*TRY IT*
Using the data below, return word for word every line from the one holding "White Ribbed Cotton" down to the one holding "Cámaras de vigilancia". Leave pictures out.

*PROVIDED RECORDS*
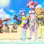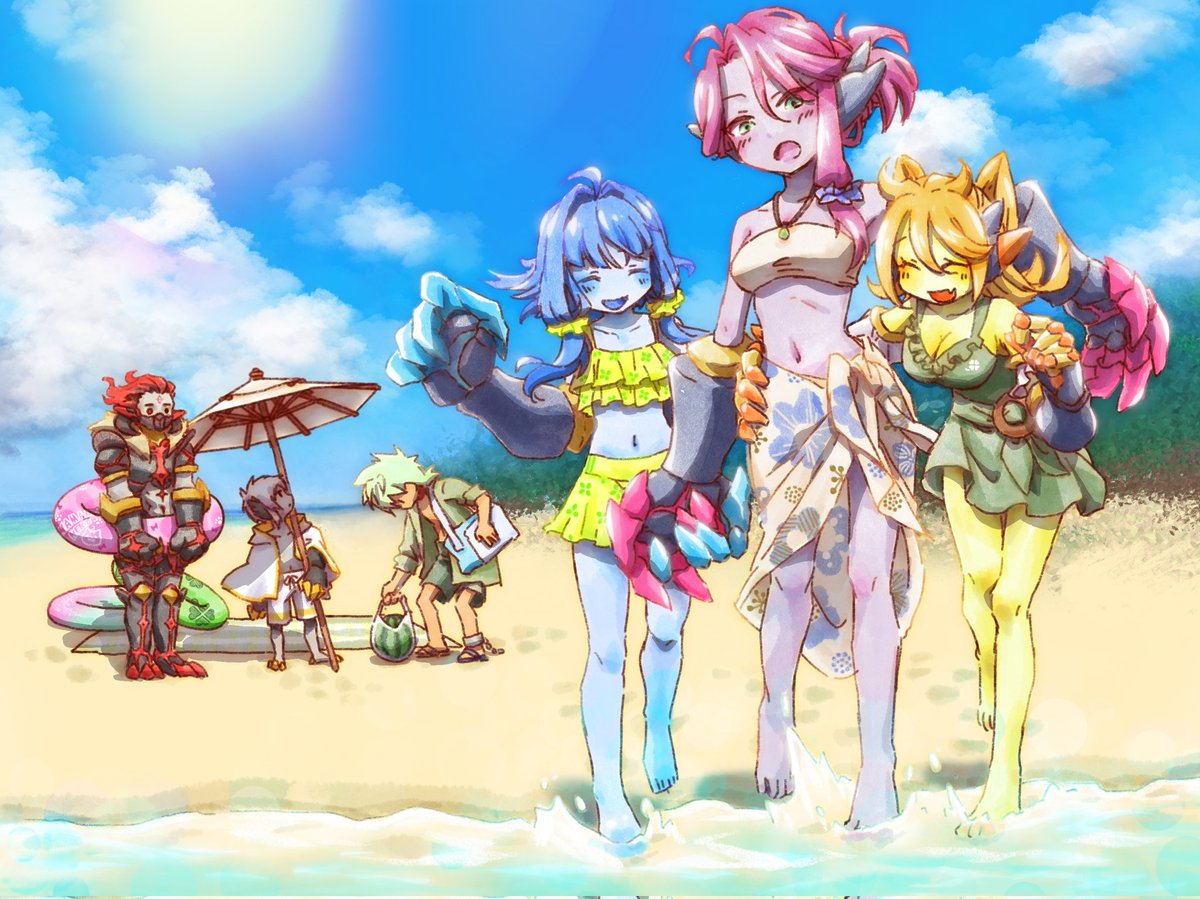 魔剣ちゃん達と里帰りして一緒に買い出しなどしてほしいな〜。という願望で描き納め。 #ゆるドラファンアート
==
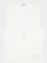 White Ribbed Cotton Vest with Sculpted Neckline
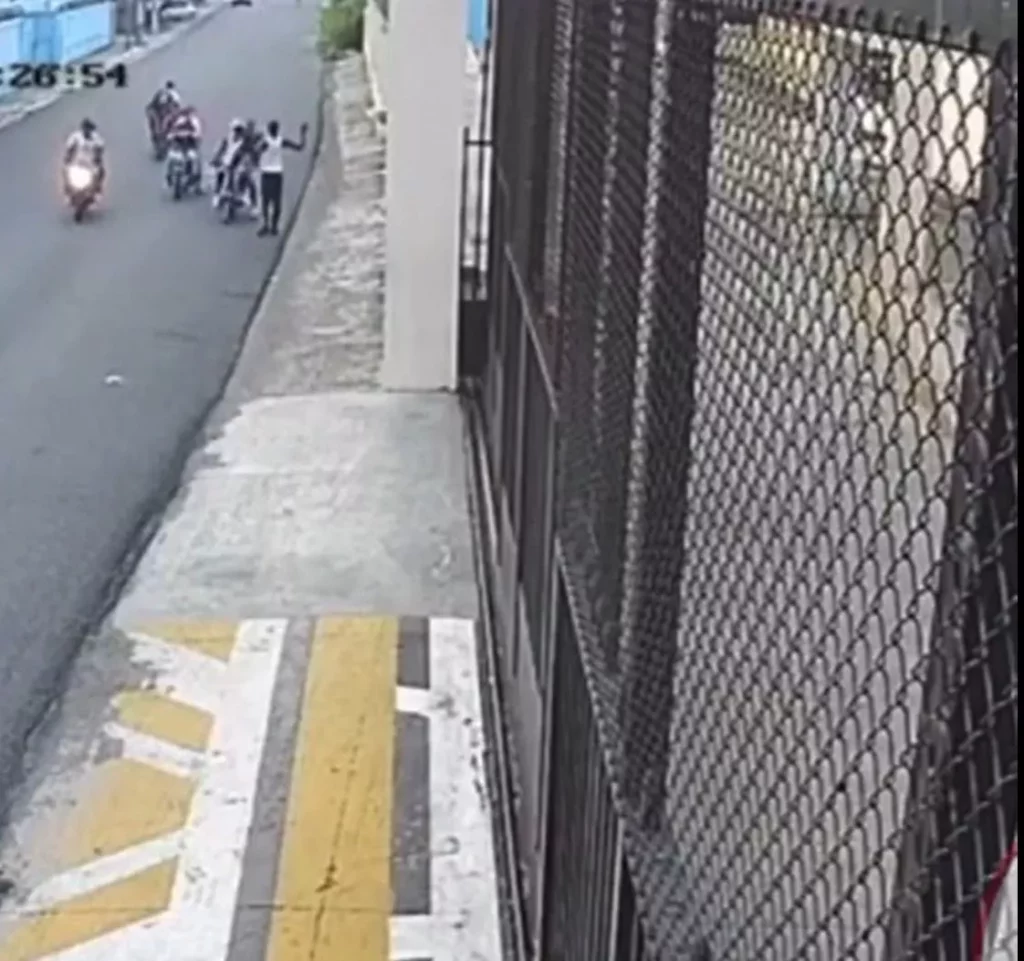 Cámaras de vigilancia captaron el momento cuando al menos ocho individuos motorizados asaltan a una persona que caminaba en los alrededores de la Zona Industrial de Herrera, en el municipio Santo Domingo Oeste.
==
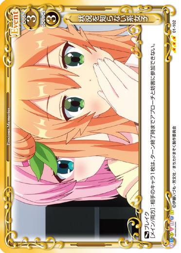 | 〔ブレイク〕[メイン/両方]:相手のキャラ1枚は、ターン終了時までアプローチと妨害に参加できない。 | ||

*ANSWER BELOW*
 White Ribbed Cotton Vest with Sculpted Neckline
 Cámaras de vigilancia captaron el momento cuando al menos ocho individuos motorizados asaltan a una persona que caminaba en los alrededores de la Zona Industrial de Herrera, en el municipio Santo Domingo Oeste.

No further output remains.